La conoscenza che in apparenza era la più solida, ricca, si rivela invece, se meglio
analizzata, esattamente il contrario, una vuota percezione. Ecco che si attua l'antitesi
e ci troviamo di fronte a un tipico capovolgimento dialettico: ciò che sembrava essere la
cosa più certa, diventa all'improvviso la più incerta.
Occorre, come dice Hegel, solo aspettare un po’, perché una verità così povera come
quella della certezza sensibile sia già divenuta vuota, inservibile. Non ci si può
arrestare allo stato della certezza sensibile, si passa a un nuovo gradino nella storia
evolutiva dell’apparire dello spirito, o nella storia del perfezionamento della conoscenza.
La certezza sensibile si risolve così nella percezione. La percezione altro non è se non
la comune percezione sensibile. La distinzione rispetto alla certezza sensibile risiede nel
fatto che con la percezione non si percepisce un “questo” non meglio identificato,
ma un insieme di qualità che costituiscono un'unità (un libro, una penna, una casa,
etc.).
Il riferimento delle molteplici qualità a un che di unico è opera dell’Io, il quale si presenta
come l’elemento unificante di ciò che costituisce l’oggetto percepito. La coscienza si
rivela allora come ciò che tiene insieme le diverse proprietà delle cose.

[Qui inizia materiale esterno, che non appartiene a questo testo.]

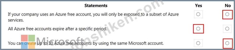 以下の各ステートメントについて、そのステートメントが正しい場合は「はい」を選択してください。そうでなければ、いいえを選択します。
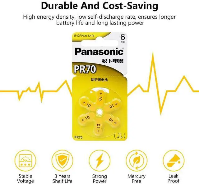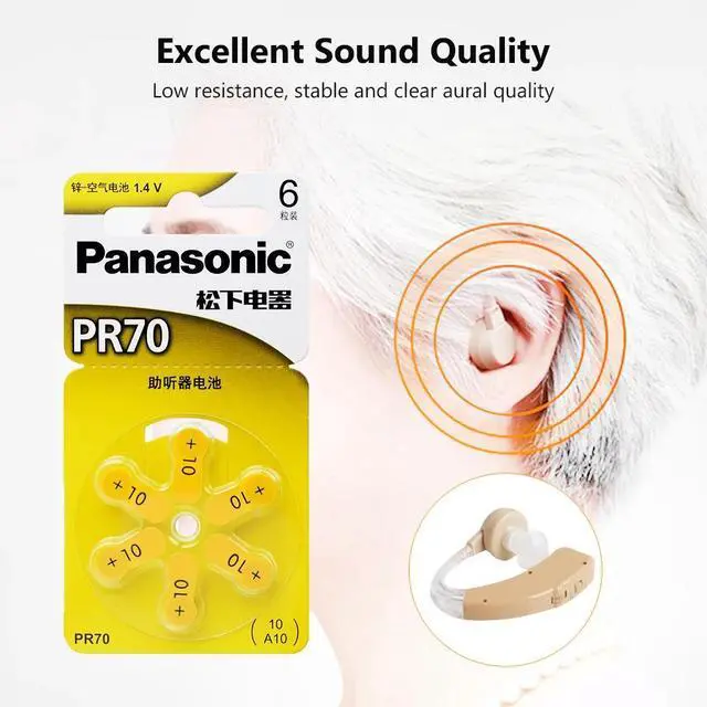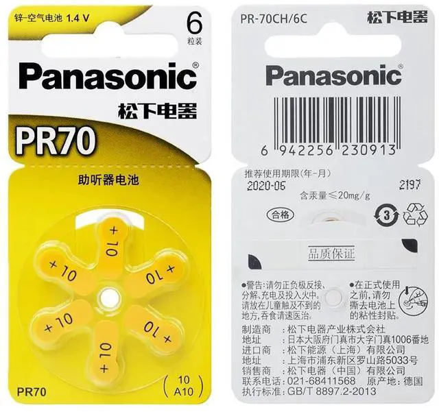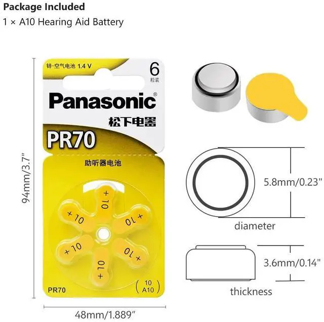 • 6PCS Genuine PR70 Hearing Aid Batteries 5.8MM*3.6MM 10 A10 ZA10 Deaf-aid Cochlear Button Cell Batteries Audiphone

Si passa così a uno stadio ulteriore dello sviluppo della coscienza, a un nuovo gradino
della mediazione, che è l’intelletto, il quale si rende conto che ciò che conferisce unità
alle molteplici determinazioni dell’oggetto è il soggetto stesso e che perciò l’oggetto
non è altro dalla coscienza, ma è la coscienza stessa.

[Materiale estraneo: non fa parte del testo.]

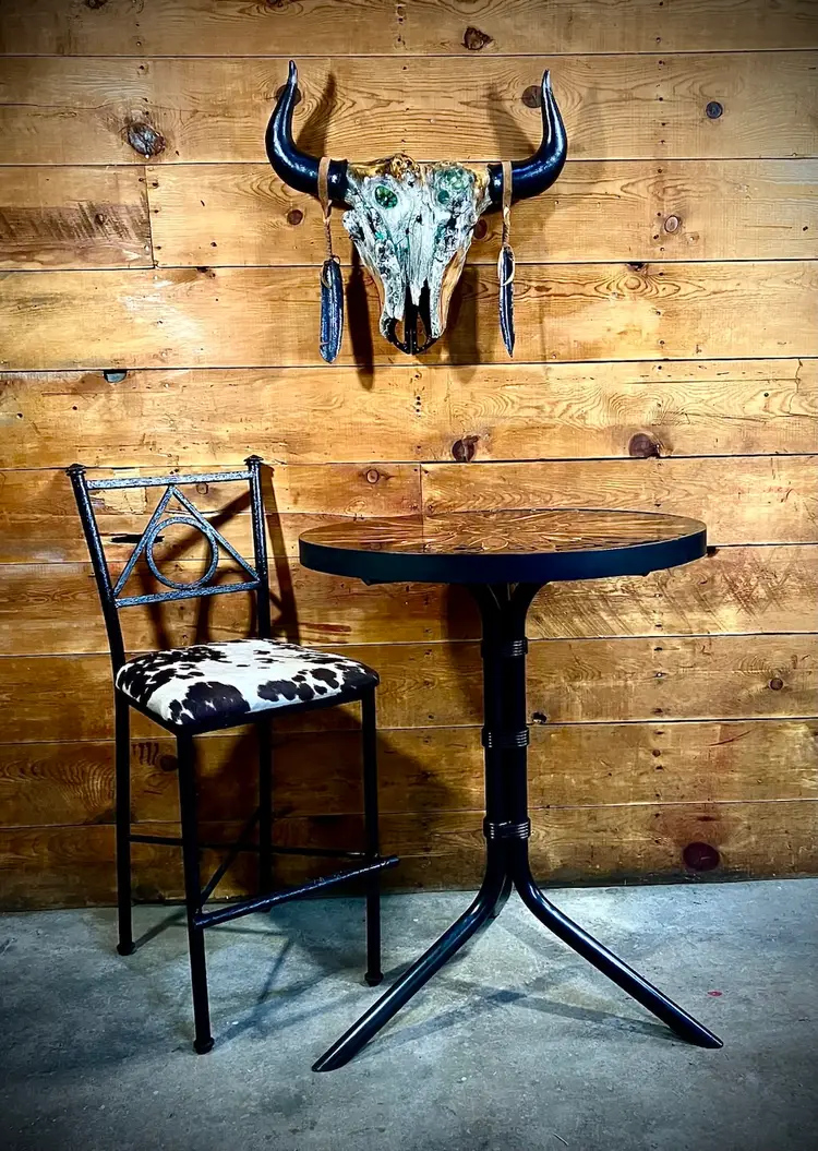 The base was designed and built by our master blacksmith here at Twisted Tree Forge, and it is a stable and stunning piece of craftsmanship in its own right. I use only USA made, food safe epoxy resin in my furnishings and fine art. This table is an eye catcher!
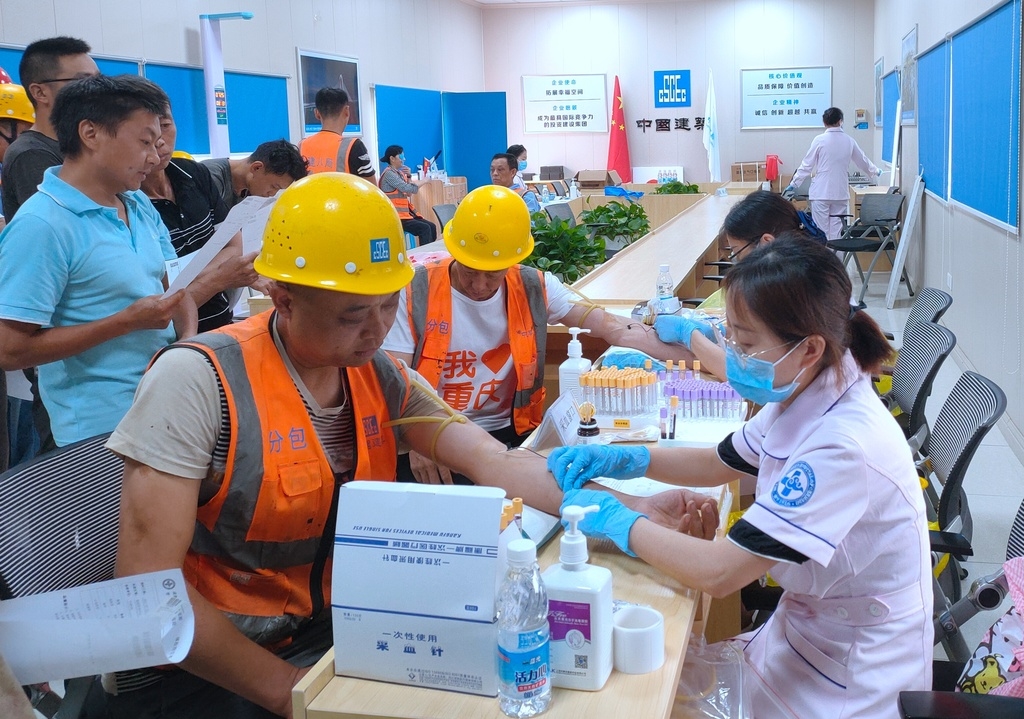 7月29日,在成都环城生态综合修复项目工地,中建八局西南公司基础设施分公司工会联合成都第一骨科医院(青羊区医疗中心医院)为施工一线100余名工友“送”来爱心健康体检“福利”。

Con l'intelletto si arriva a un primo superamento della contrapposizione soggetto-oggetto,
comincia cioè ad affacciarsi timidamente l'idea che soggetto e oggetto non siano, in fin dei
conti, due entità radicalmente opposte tra loro. Prima che si giungesse al momento
dell'intelletto, vi era un soggetto che conosceva e un oggetto (il mondo) che era
conosciuto.
Ma se ogni fenomeno che percepiamo risponde – kantianamente – alle categorie, alle
leggi poste dal nostro stesso intelletto, allora dalla coscienza si passa all'autocoscienza:
prima, infatti, si trattava di un soggetto che aveva coscienza di un oggetto; poi ci si è
accorti che tale oggetto non è radicalmente distinto dal soggetto, ma anzi è il soggetto
stesso.
Dunque quella che era coscienza di un oggetto esterno diventa coscienza di sè, ovvero
autocoscienza. Giunti all'intelletto scatta allora il passaggio all'autocoscienza.